[Start of section]

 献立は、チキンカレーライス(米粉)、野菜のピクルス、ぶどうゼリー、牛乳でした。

[End of section]
[Start of section]

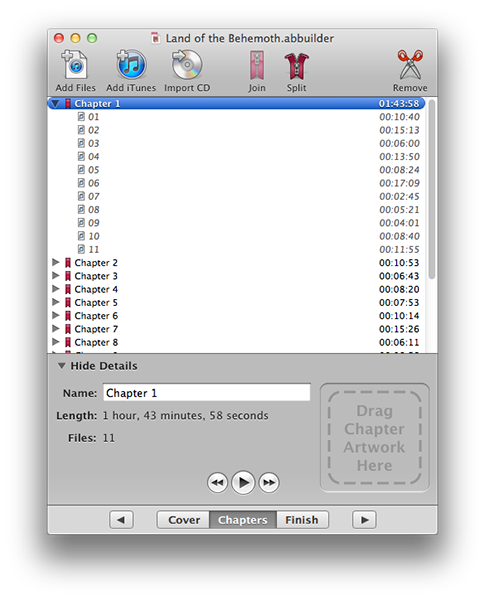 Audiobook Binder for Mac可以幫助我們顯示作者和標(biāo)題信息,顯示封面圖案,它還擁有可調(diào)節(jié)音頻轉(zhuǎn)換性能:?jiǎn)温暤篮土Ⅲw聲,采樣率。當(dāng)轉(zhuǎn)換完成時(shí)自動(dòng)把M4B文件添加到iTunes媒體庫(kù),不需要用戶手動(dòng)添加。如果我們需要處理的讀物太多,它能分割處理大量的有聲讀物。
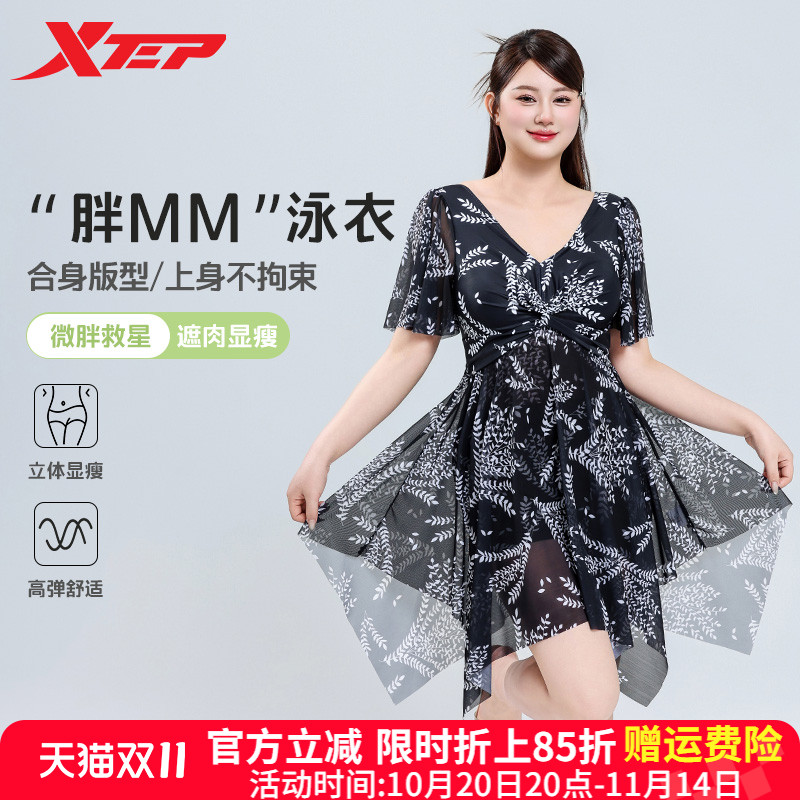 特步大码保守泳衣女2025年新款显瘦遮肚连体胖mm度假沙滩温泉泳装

[End of section]

= TASK OBJECTIVE =
Starting with the line that has "Audiobook Binder for" and ending with the line that has "特步大码保守泳衣女2025年新款显瘦遮肚连体胖mm度假沙滩温泉泳装", repeat the lines above exactly, omitting every picture.

= TASK RESPONSE =
 Audiobook Binder for Mac可以幫助我們顯示作者和標(biāo)題信息,顯示封面圖案,它還擁有可調(diào)節(jié)音頻轉(zhuǎn)換性能:?jiǎn)温暤篮土Ⅲw聲,采樣率。當(dāng)轉(zhuǎn)換完成時(shí)自動(dòng)把M4B文件添加到iTunes媒體庫(kù),不需要用戶手動(dòng)添加。如果我們需要處理的讀物太多,它能分割處理大量的有聲讀物。
 特步大码保守泳衣女2025年新款显瘦遮肚连体胖mm度假沙滩温泉泳装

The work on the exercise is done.